Show that the relation $R$ in the set of real numbers $\mathbb{R}$,defined as $R = \{(a, b) : a \leq b^2\}$,is neither reflexive,nor symmetric,nor transitive.

(N/A) $(i)$ Reflexive: $A$ relation $R$ is reflexive if $(a, a) \in R$ for all $a \in \mathbb{R}$.
Consider $a = \frac{1}{2}$. Since $\frac{1}{2} > (\frac{1}{2})^2 = \frac{1}{4}$,it follows that $(\frac{1}{2}, \frac{1}{2}) \notin R$.
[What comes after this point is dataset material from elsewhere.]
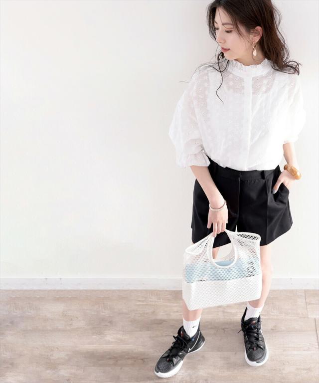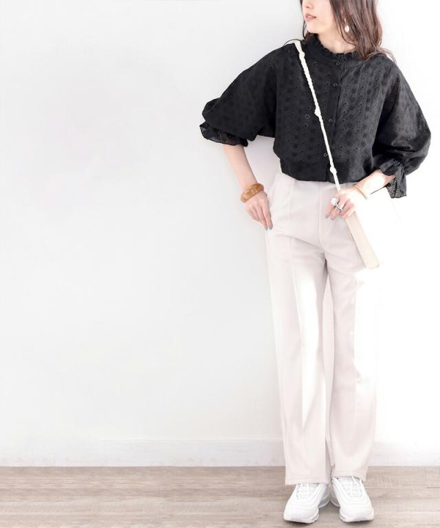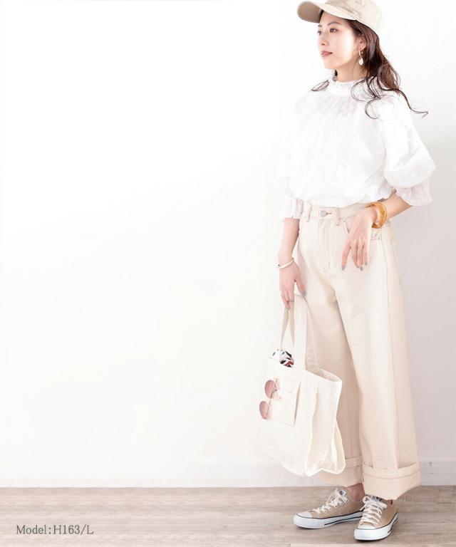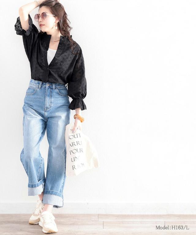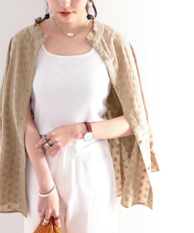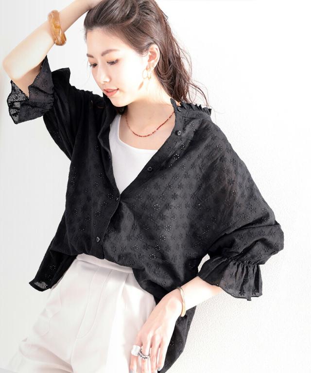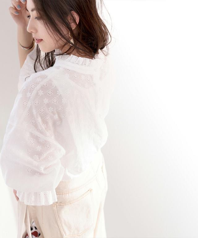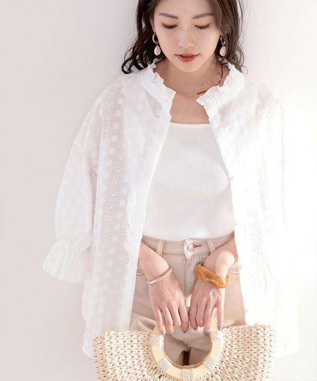ほどよい透け感と花柄刺繍が女らしくカジュアルな抜け感に。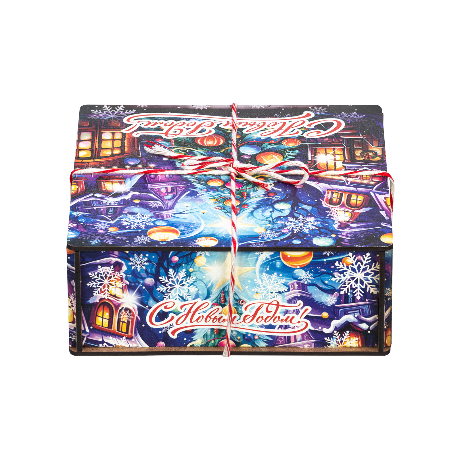Интересный вариант новогоднего подарка – «Хрустальная сказка (Полезный состав)». Он представлен в разделе Дерево. Отлично подойдет на подарок в 2026 году с символом Лошадь. Внутри такого презента находится кондитерский набор весом 700 граммов.

Thus,$R$ is not reflexive.
$(ii)$ Symmetric: $A$ relation $R$ is symmetric if $(a, b) \in R \implies (b, a) \in R$.
Consider $(1, 4) \in R$ because $1 \leq 4^2 = 16$. However,$4 \not\leq 1^2 = 1$,so $(4, 1) \notin R$.
Thus,$R$ is not symmetric.
$(iii)$ Transitive: $A$ relation $R$ is transitive if $(a, b) \in R$ and $(b, c) \in R \implies (a, c) \in R$.
Consider $(3, 2) \in R$ (since $3 \leq 2^2 = 4$) and $(2, 1.5) \in R$ (since $2 \leq 1.5^2 = 2.25$).
However,$3 \not\leq 1.5^2 = 2.25$,so $(3, 1.5) \notin R$.
Thus,$R$ is not transitive.
Conclusion: The relation $R$ is neither reflexive,nor symmetric,nor transitive.